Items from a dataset
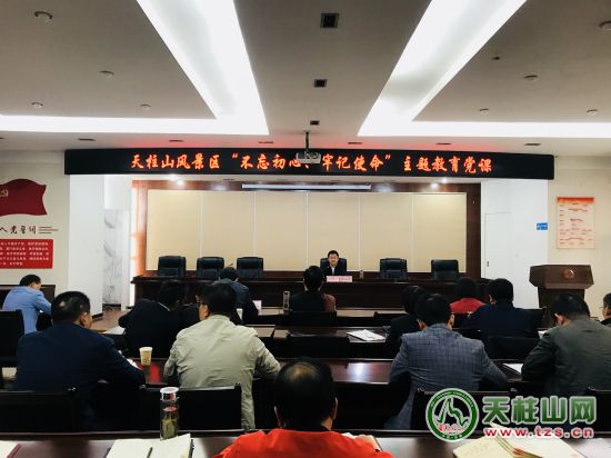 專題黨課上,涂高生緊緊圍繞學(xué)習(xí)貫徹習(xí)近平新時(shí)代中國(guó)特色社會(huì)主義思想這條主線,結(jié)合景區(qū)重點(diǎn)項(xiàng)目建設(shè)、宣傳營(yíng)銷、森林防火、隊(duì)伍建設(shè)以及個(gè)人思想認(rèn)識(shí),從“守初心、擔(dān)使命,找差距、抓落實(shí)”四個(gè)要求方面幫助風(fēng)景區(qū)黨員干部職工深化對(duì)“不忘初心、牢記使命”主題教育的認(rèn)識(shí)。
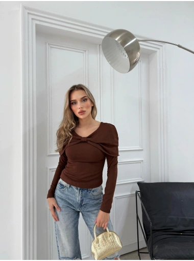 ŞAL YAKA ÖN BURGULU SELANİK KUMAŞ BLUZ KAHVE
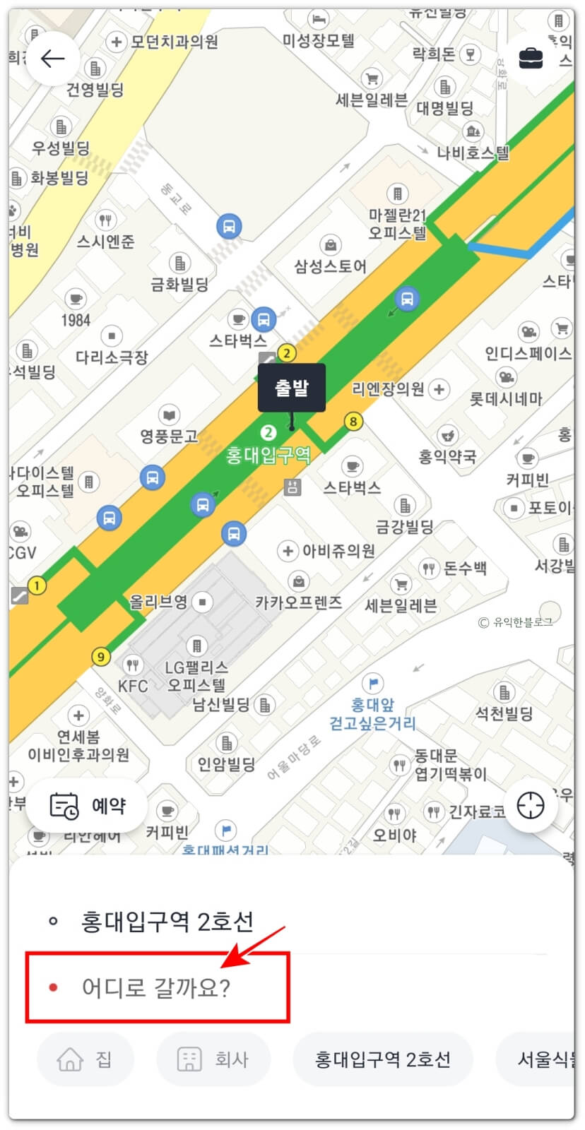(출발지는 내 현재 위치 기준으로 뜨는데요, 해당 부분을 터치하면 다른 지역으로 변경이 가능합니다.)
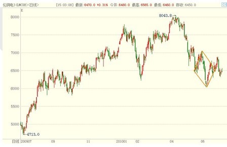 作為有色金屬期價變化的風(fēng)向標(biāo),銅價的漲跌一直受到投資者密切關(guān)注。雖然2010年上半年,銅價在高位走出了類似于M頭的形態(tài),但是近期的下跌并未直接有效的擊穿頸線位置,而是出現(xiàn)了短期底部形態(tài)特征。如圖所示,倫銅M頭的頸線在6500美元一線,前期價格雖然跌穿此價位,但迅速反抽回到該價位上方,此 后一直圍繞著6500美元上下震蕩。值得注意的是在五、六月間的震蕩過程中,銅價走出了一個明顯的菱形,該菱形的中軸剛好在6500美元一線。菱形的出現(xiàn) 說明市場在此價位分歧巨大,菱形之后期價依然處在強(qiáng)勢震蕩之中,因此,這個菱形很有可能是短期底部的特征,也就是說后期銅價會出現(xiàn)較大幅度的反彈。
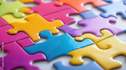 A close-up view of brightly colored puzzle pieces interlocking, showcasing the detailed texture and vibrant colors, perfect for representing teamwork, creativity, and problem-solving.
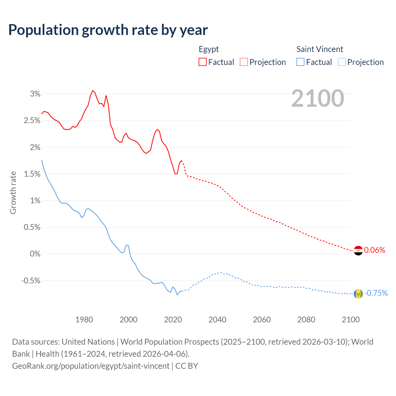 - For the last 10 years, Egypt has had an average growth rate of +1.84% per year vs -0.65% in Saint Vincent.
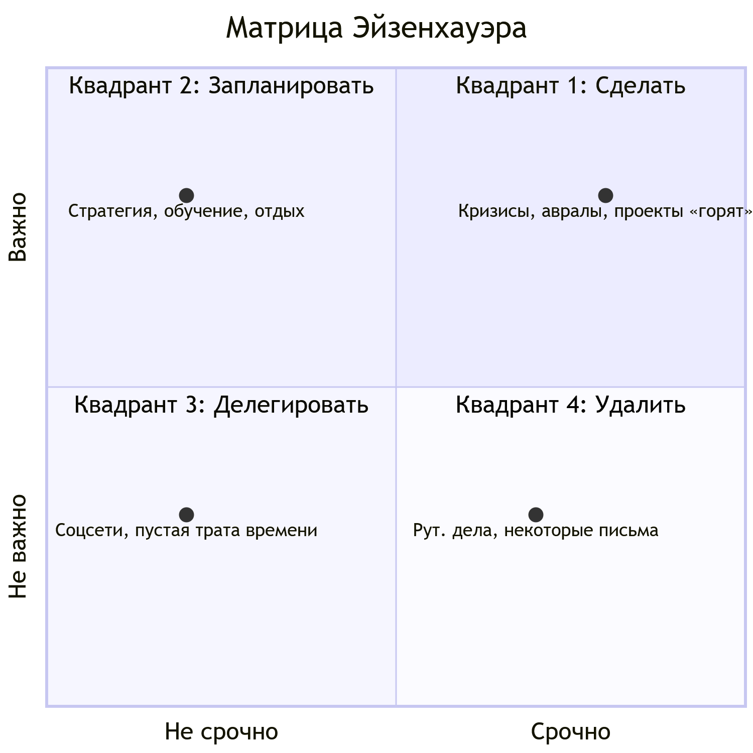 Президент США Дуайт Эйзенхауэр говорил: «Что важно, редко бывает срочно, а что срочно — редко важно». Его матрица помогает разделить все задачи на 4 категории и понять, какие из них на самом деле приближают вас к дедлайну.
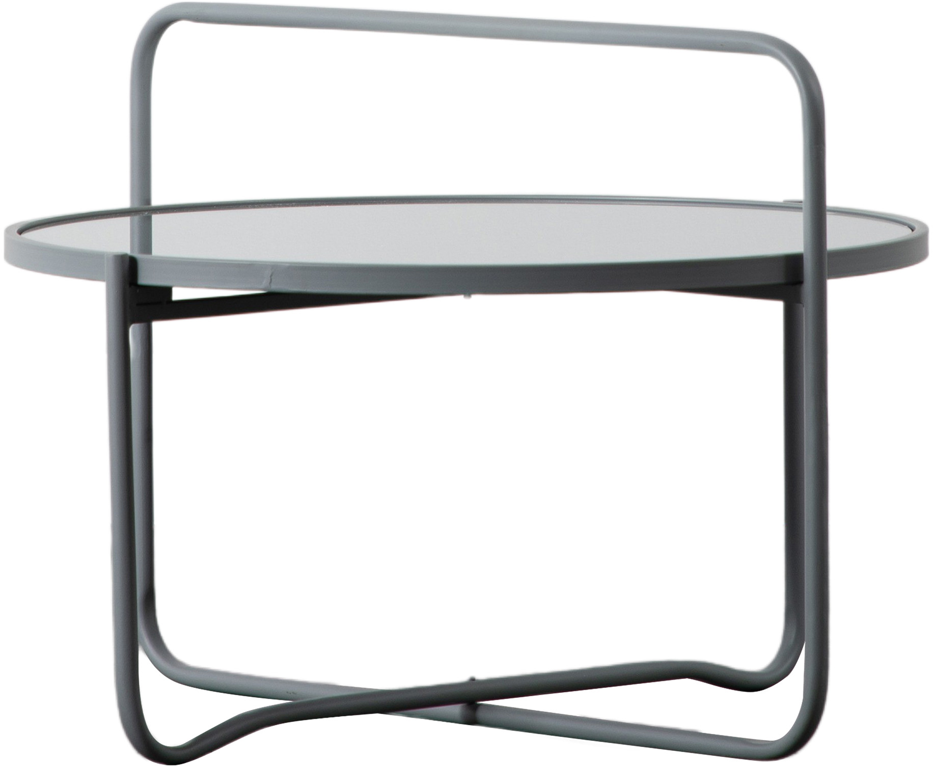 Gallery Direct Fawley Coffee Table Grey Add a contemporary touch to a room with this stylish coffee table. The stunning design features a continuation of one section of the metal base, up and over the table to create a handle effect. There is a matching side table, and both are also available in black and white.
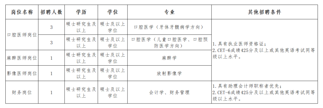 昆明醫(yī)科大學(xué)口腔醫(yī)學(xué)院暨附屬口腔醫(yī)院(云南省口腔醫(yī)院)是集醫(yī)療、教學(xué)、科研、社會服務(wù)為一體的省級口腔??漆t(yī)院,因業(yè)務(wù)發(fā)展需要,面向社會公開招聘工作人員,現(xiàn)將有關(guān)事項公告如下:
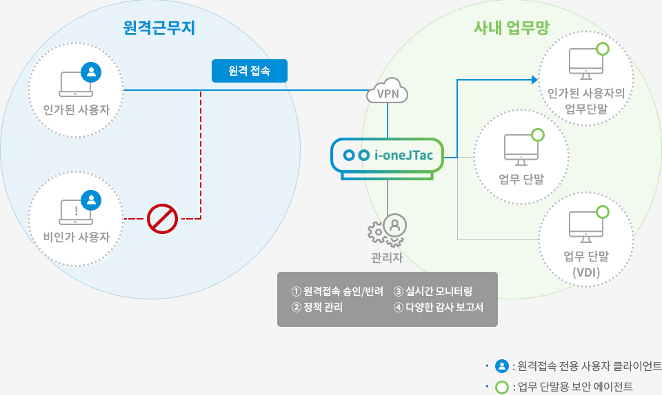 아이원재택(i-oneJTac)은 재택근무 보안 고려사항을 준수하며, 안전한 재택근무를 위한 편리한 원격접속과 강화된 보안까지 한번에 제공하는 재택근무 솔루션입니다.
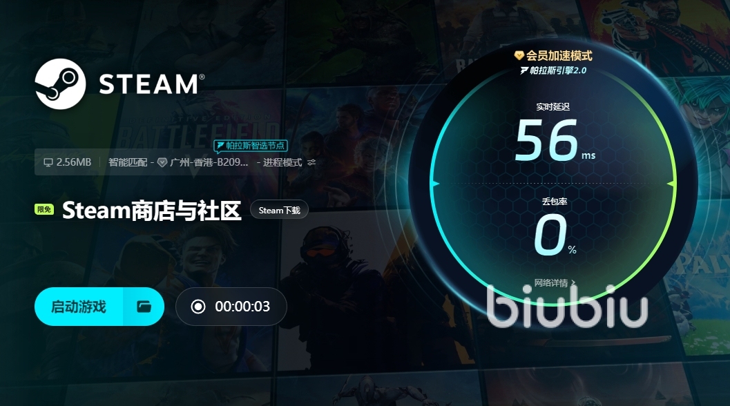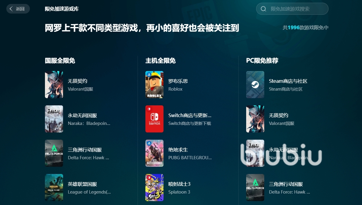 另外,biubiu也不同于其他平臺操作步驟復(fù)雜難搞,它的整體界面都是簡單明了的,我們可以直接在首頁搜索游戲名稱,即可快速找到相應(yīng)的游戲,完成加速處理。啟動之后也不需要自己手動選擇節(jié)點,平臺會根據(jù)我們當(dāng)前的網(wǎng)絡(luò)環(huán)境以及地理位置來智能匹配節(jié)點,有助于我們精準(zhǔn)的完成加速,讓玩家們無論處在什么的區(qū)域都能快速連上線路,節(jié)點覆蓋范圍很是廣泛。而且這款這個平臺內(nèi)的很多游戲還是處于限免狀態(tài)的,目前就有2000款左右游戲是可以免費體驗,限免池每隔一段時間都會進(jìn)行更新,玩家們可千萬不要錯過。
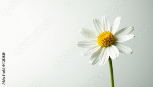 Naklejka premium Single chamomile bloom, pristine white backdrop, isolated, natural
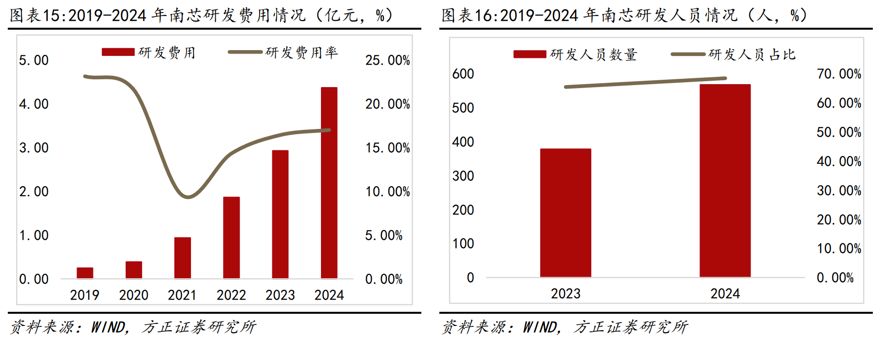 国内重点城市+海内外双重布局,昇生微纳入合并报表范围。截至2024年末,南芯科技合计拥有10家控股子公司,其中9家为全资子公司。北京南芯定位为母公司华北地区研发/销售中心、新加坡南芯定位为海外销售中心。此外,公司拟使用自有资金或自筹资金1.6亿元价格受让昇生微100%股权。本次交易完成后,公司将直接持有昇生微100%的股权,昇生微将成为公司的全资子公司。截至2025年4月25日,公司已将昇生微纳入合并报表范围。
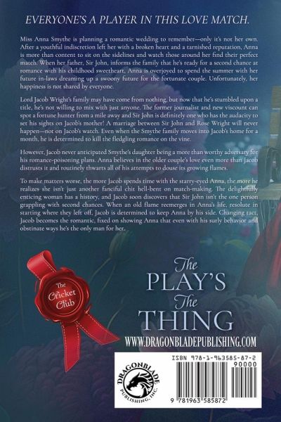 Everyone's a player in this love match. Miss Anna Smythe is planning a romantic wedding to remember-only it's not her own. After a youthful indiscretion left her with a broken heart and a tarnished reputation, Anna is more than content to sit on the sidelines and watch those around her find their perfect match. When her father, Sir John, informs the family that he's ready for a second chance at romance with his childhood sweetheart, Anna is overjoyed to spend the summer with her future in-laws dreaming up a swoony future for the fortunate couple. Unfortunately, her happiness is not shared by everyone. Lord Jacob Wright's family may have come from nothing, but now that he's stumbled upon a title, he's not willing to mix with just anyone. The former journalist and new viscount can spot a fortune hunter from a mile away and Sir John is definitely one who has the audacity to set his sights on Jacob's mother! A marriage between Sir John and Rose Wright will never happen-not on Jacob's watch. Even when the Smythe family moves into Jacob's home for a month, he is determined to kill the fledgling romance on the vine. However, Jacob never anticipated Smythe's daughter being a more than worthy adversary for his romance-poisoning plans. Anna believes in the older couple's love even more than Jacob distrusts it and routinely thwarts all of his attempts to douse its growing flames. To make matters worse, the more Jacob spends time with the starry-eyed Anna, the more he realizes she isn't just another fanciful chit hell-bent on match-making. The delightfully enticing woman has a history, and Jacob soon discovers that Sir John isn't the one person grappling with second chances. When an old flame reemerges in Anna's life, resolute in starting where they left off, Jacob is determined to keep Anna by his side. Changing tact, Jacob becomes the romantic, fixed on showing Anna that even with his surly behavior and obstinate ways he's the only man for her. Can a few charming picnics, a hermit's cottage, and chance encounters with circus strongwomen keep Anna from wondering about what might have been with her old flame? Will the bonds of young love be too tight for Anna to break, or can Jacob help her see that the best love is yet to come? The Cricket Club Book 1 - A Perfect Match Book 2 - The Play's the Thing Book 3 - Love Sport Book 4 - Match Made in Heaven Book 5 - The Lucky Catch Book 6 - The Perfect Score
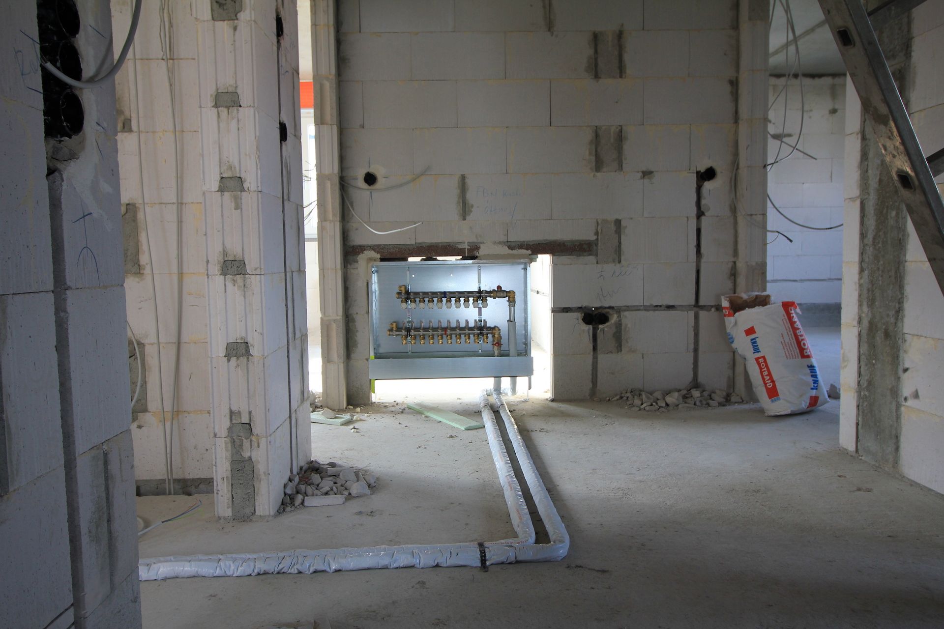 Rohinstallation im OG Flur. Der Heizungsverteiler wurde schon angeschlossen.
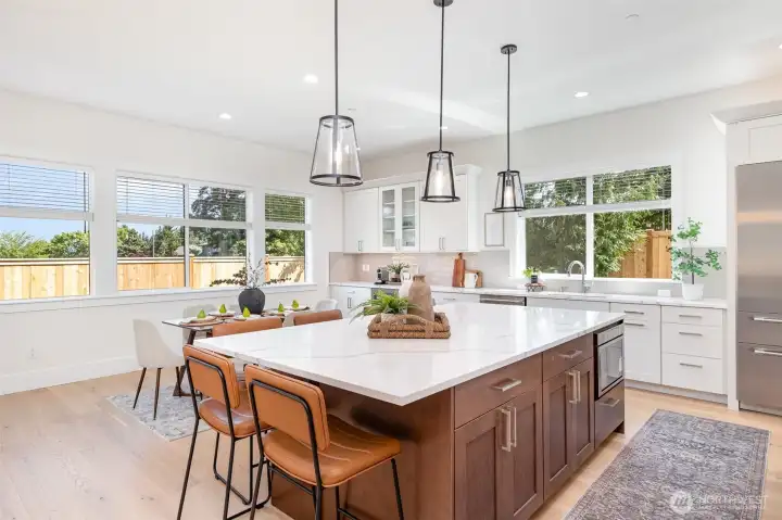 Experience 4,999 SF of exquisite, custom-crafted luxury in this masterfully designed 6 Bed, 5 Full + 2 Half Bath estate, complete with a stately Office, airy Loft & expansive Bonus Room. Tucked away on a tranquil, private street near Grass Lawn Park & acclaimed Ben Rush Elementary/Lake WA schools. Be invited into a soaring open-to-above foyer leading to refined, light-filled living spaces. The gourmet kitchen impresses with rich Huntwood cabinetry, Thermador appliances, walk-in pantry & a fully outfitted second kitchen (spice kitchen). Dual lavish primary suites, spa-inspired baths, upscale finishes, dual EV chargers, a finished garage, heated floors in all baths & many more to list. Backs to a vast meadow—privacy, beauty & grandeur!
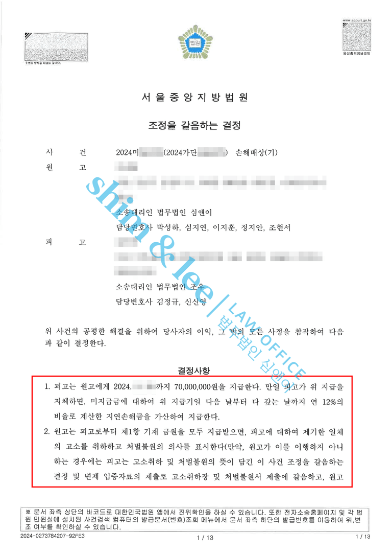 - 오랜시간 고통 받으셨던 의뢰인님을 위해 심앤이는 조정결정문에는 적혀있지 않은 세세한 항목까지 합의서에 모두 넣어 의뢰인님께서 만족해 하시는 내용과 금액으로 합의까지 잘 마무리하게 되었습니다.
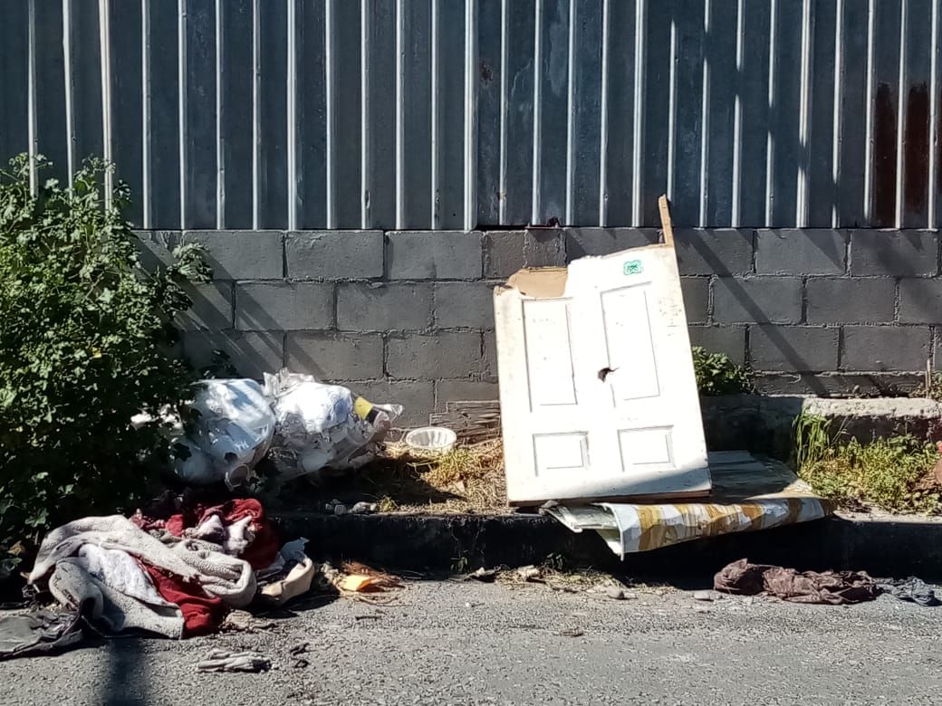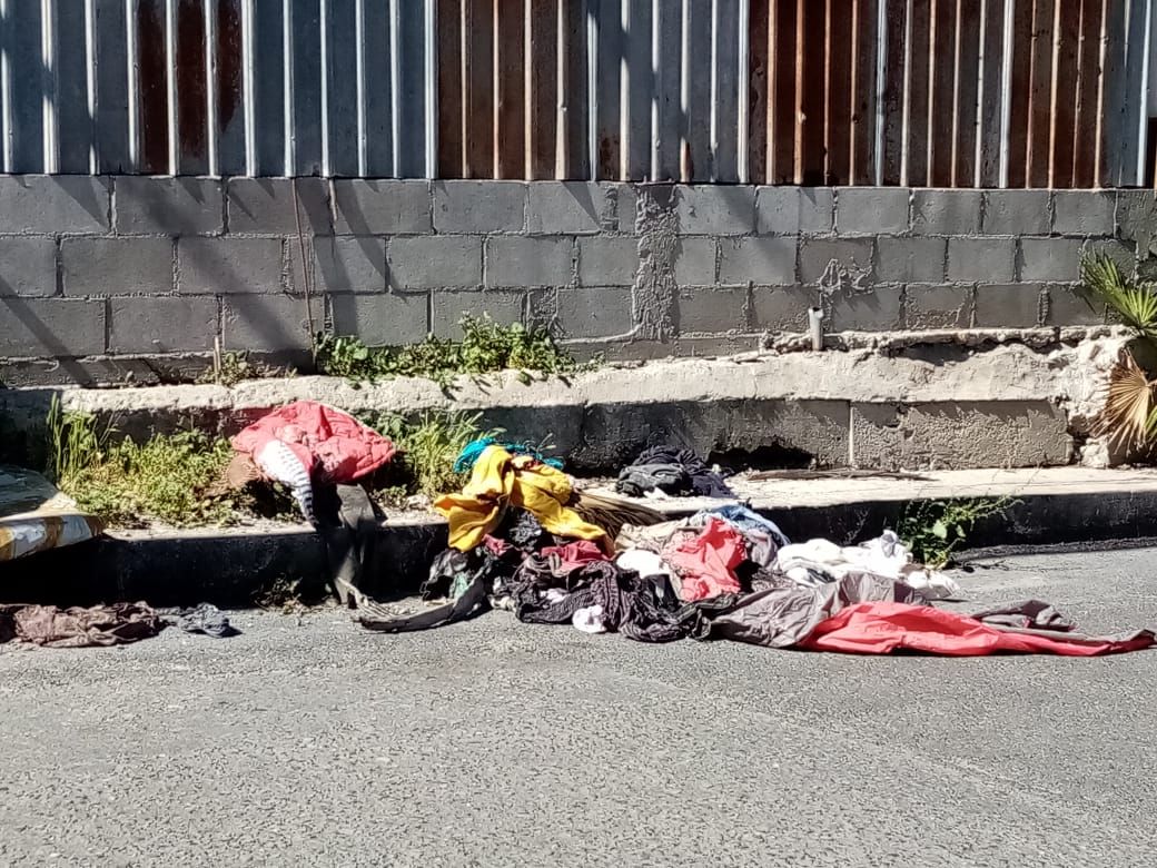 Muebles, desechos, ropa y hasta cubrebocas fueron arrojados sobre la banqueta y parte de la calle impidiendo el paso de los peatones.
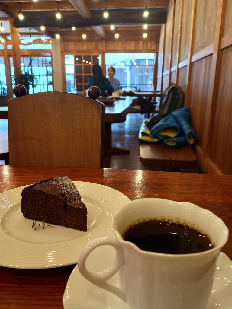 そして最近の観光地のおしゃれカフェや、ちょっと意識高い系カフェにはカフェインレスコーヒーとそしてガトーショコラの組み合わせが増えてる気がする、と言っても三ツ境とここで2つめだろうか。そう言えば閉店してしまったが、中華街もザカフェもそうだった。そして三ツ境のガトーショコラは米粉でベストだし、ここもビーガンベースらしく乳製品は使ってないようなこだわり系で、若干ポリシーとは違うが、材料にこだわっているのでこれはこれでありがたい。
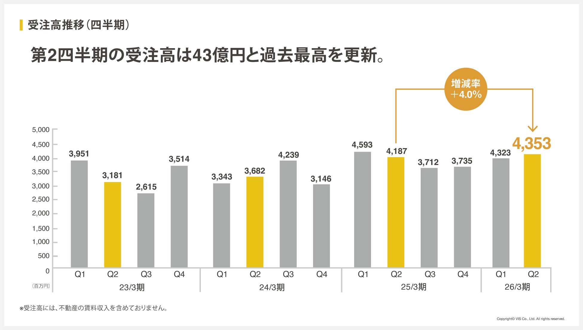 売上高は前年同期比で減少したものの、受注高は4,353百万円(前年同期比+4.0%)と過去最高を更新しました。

**Exercise brief:** Only the lines from the start of the records through the line containing "ŞAL YAKA ÖN BURGULU SELANİK KUMAŞ BLUZ KAHVE" should be repeated, word for word, with the pictures left out.

**Answer to this exercise:**
 專題黨課上,涂高生緊緊圍繞學(xué)習(xí)貫徹習(xí)近平新時(shí)代中國(guó)特色社會(huì)主義思想這條主線,結(jié)合景區(qū)重點(diǎn)項(xiàng)目建設(shè)、宣傳營(yíng)銷、森林防火、隊(duì)伍建設(shè)以及個(gè)人思想認(rèn)識(shí),從“守初心、擔(dān)使命,找差距、抓落實(shí)”四個(gè)要求方面幫助風(fēng)景區(qū)黨員干部職工深化對(duì)“不忘初心、牢記使命”主題教育的認(rèn)識(shí)。
 ŞAL YAKA ÖN BURGULU SELANİK KUMAŞ BLUZ KAHVE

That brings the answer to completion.